Turkey’s parliament has authorized the government to deploy troops to Libya in support of the internationally recognized government in Tripoli.
In an emergency session on Thursday, Turkish lawmakers approved the motion by 325 to 184 despite concerns that such a deployment could further destabilize Libya, which has been ravaged by violence since the 2011 overthrow of dictator Muammar Gaddafi.
The U.N.-supported government of Prime Minister Fayez al-Sarraj is battling rival forces allied with Khalifa Haftar, who enjoys the support of Egypt, Russia, the United Arab Emirates and France. Fighting around the capital has escalated in recent weeks.
Ankara has been a vocal supporter of the al-Sarraj government, and Turkish President Recep Tayyip Erdoğan said last month that Tripoli had requested Turkish troops.
Thursday’s motion includes no details on a potential deployment, allowing the government to determine the scope, length and timing of any operation in Libya.

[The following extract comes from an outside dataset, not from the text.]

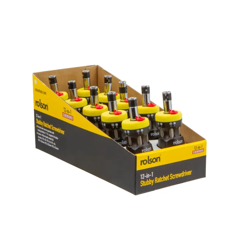 12 in 1 Stubby Ratchet Screwdriver – Forward and reverse with locking action, ¼” bit holder, the double ended bits are stored in handle for painless storage, sizes include slot 4, 5, 6mm, Cross point PH1, 2, 3, PZ1, 2, 3, Hex 4, 5, 6mm
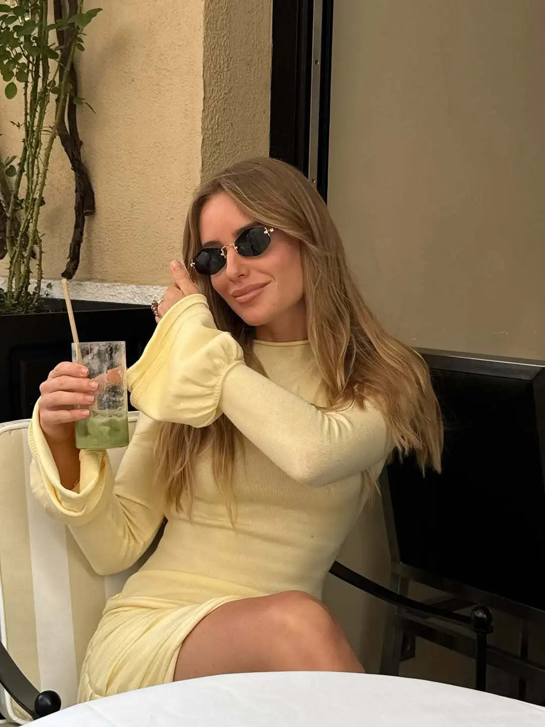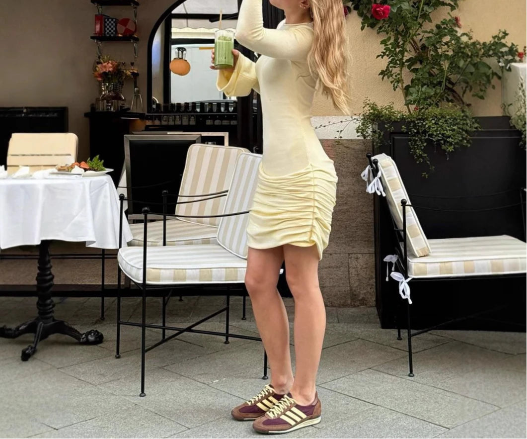 MQTIME - Sexy Women's Autumn and Winter New Flared Double Pleated Skirt Long Sleeve Slim Knit Short Skirt

The mandate is valid for one year.
The motion passed with the support of Erdoğan’s governing Justice and Development Party (AKP) and the far-right Nationalist Movement Party (MHP), which together hold a majority in the Turkish parliament.
Turkey’s major opposition parties, including the main opposition Republican People’s Party (CHP), the pro-Kurdish Peoples’ Democratic Party (HDP) and the right-wing Good Party, voted against.
They argue that any deployment would draw Turkey into another violent conflict — with Turkish troops already involved in the Syrian war — and advocate a diplomatic solution. The government, on the other hand, says a deployment would help secure Turkey’s interests in the region.
Last month, Turkey and Libya’s U.N.-backed government signed agreements on military cooperation and maritime borders. The latter accord, under which Turkey claims large parts of the eastern Mediterranean as its own territory, sparked outrage in Greece and Cyprus and drew condemnation from across the EU.